头顶的树枝传来簌簌声响,林争渡抬起头来,看见一只肥硕的松鼠四肢并用死死扒在树干上,被暴雨淋得尾巴都湿了,正在瑟瑟发抖。
但是因为那边近在咫尺的激烈战斗,松鼠害怕得半死也不敢跑。
林争渡伸手把它从树皮上‘扣’下来,放到自己膝盖上。隔绝暴雨的屏障也分给了松鼠一部分,一人一鼠各自抱紧自己,等待这场暴雨和暴斗的结束。
过了好一会儿,大雨里野兽的嘶吼声渐弱。
林争渡扒住树干探头出去,只见那只硕大的老鹰倒在地面上,两条蛇则慢慢游回了洞穴里。
雨势仍旧很大,老鹰的身体因为重伤而变回了普通老鹰大小——虽然看起来仍旧很大。蛇不知道为什么没有吃掉它,大约是因为食物储备充足,又或者是因为已经开智,出于对旗鼓相当对手的尊重。
松鼠在‘大战’结束之后迅速恢复了敏捷,重新变得毛茸茸的尾巴甩了林争渡一裙子的泥水,它自己却飞快的跳上树干跑走了。
林争渡理了理裙摆,走到老鹰面前,半跪下来查看它的情况:致命伤在脖颈处,翅膀和颈骨都被绞断了,羽毛凌乱飞得到处都是。
已经死了,尸体却还留有一点余温。
林争渡把它放进药篓里,给盖了几片叶子,有血从老鹰喙边流到林争渡手上,顺着她皮肤的纹路流淌,温热的滚过她手腕。
啪嗒。
血滴到剑身上,没留下痕迹——谢观棋收剑时剑尖从妖物胸口勾出一枚幽蓝通透的心脏。妖物心口被剑气破开的洞里鲜血喷涌宛如喷泉,有不少都喷到了谢观棋衣服上。
不过大部分都和今夜的暴雨一起被他周身火灵蒸发。
即使有少数溅到身上,也因为谢观棋穿的是黑衣而并不明显。
他将那枚心脏放入腰间乾坤袋里,面前体型数倍于他的妖物轰然倒下,掀起一片腥气厚重的泥水。
妖物倒下之后便一动不动,好似已经死透。

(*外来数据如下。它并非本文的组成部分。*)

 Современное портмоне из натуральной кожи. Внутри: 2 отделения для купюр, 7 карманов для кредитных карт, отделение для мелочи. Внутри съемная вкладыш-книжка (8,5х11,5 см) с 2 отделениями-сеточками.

谢观棋提剑上前,黑色长靴踩上妖物身体;坚硬的靴底将肉身踩塌下去一块,看起来就很痛。
这时,怪物额头上突然睁开一只眼睛,怒吼一声合臂抱向谢观棋!
令人胆战心惊的兽吼声只叫到一半就被打断;谢观棋的剑再度精准没入妖物眉心,从里面勾出第二枚心脏——犬云这种妖物生来即有二命,二命落于两颗心脏之上。
刚才倒下只是装死,想引诱谢观棋靠近之后再将其扑杀。
谋划得很好,只可惜碰上谢观棋这种远战和近战都很擅长的剑修,贴脸肉搏也没打过,最后两颗心脏都被谢观棋挖走。
挖第二颗心脏时因为离得太近,加上谢观棋专注于一击毙命,没太在意喷溅过来的血——于是几滴血渍形状如同定格烟花,甩在了谢观棋脸上。

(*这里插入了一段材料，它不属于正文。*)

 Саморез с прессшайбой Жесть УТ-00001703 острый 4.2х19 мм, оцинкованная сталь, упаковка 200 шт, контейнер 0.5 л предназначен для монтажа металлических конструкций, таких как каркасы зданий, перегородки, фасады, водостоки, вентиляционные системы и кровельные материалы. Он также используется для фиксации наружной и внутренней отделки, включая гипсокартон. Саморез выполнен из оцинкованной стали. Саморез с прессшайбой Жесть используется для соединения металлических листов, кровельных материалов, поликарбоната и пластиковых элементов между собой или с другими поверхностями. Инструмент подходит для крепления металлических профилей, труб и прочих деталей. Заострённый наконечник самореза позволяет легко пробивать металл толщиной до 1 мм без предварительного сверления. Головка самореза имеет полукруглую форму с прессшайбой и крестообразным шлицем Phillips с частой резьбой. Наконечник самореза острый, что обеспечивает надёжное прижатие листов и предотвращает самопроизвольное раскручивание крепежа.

将第二颗心脏也收入乾坤袋中,谢观棋盯着倒地的妖物看了会,很快就放弃了把它送给林大夫的想法,转而将它收进了另外一个乾坤袋里:破损得太厉害了,刚才有几脚没收住劲儿,半边骨头都碎了。
不过可以拿出去寄卖,六境妖兽的尸体就算碎了,也是不错的材料,这样就又有一笔额外的收入,可以攒下来,等给林大夫锻造法器的时候用。

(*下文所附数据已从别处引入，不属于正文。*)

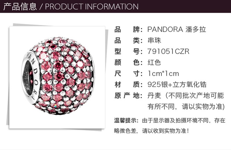 PANDORA/潘多拉 红色锆石串珠 791051CZRJPY带授权招加盟代理
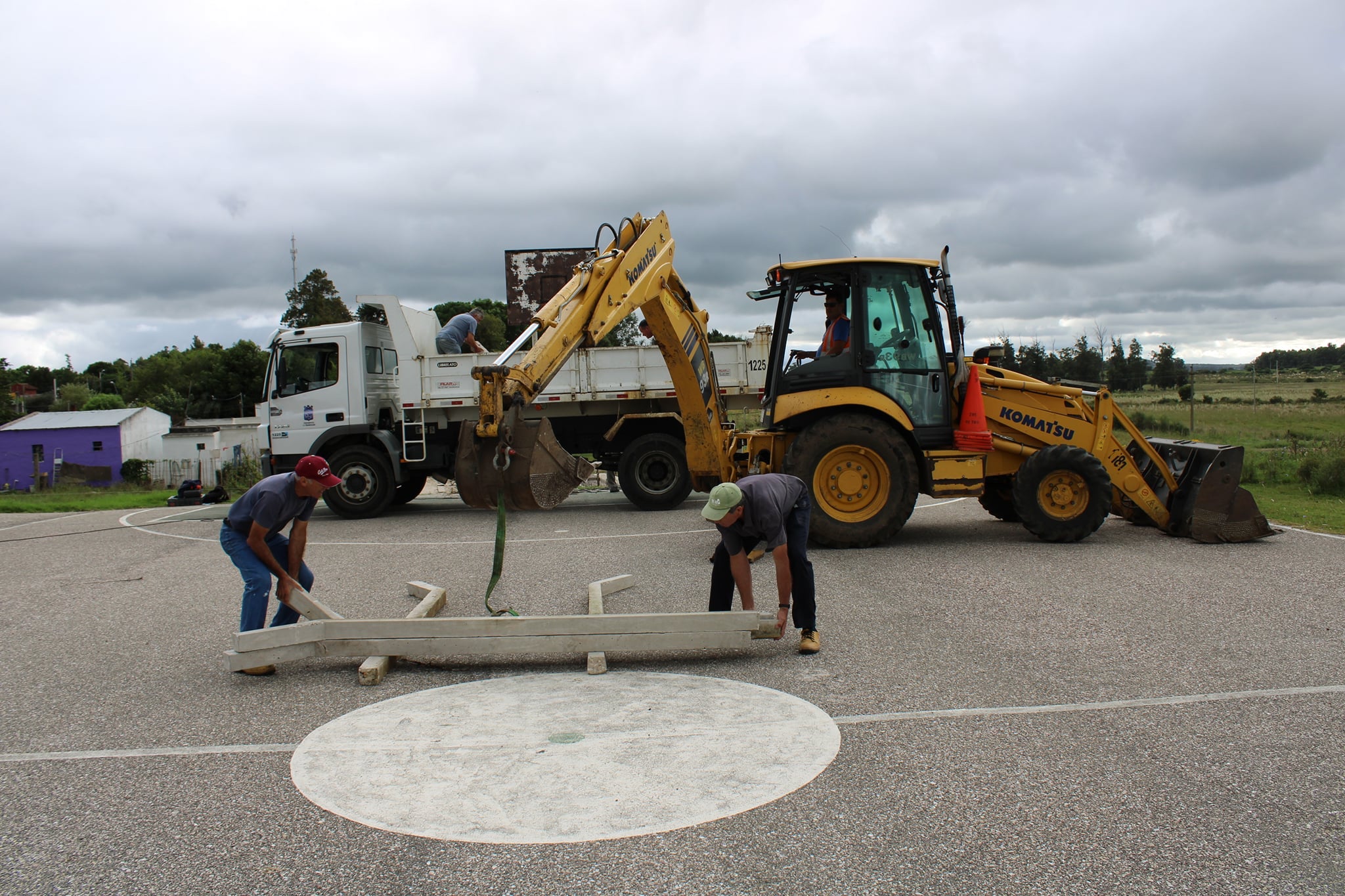 Comenzó este jueves la sustitución de los arcos multipropósito y el montaje de postes de hormigón y malla electrosoldada, en el comunal del barrio del Noreste de Pan de Azúcar.

有些锻造要用到的合成材料很稀有,野外根本找不到,只能去固定的几个市场上购买,谢观棋给自己锻造法器很舍得用好材料,之前攒的钱也大多花在了这上面,连穿的衣服都没舍得买全套。
至于免费发放的宗门法衣——因为他转卖了太多件,管事长老把他拉进了黑名单,已经有五年没给他发新衣服了。
这就是谢观棋永远只穿最普通的黑色劲装的原因,全身上下除了那把剑之外也就鞋子和腰带最贵:腰带因为要配他的本命剑所以愿意花钱,鞋子买好点的才好踹对手。
剩下的衣服和护腕,谢观棋自己找了本缝纫书对着学几天就自己缝制出来了,连出去额外花钱买一套也不太愿意。
不过谢观棋对外会说衣服是买的,为了增加可信度,他给自己护腕上绣了流云纹。虽然绣得一般般,但正常人不会想到燕稠山大师兄半夜拿着绣花针给自己绣护腕,所以通常都会相信谢观棋的话。
收拾完现场,他赶回剑宗,直接去了紫竹林的主殿。
紫竹林隶属于剑宗弟子胡梦蝶——胡梦蝶与云省长老同辈,是谢观棋的师叔,因为懒得管事所以没有领长老的位置,业余爱好是宅在自己院子里种花,也不和其他同门来往。
甚至就连宗门举办的各种聚会,掌门的邀约,胡梦蝶一概不去。
只有掌门拿着掌门令牌给她下文书命令,她才会应令出门。
谢观棋带着一身血腥气进门,被空气里浓郁的花香呛得皱了下鼻子。
胡梦蝶从院内数丈高的玫瑰丛里钻出来,右手锄头左手水壶,腰间配着她那把绿莹莹的本命剑,招呼了谢观棋一声——谢观棋取下装着两颗妖物心脏的乾坤袋扔给胡梦蝶。
“六境犬云的心脏,两颗,都在里面了。”
胡梦蝶拉开乾坤袋往里看了看,确认东西完好后点头,“确实是我要的东西没错。行吧,看在材料的份上,你每天早上可以从我园子里摘走一捧花。”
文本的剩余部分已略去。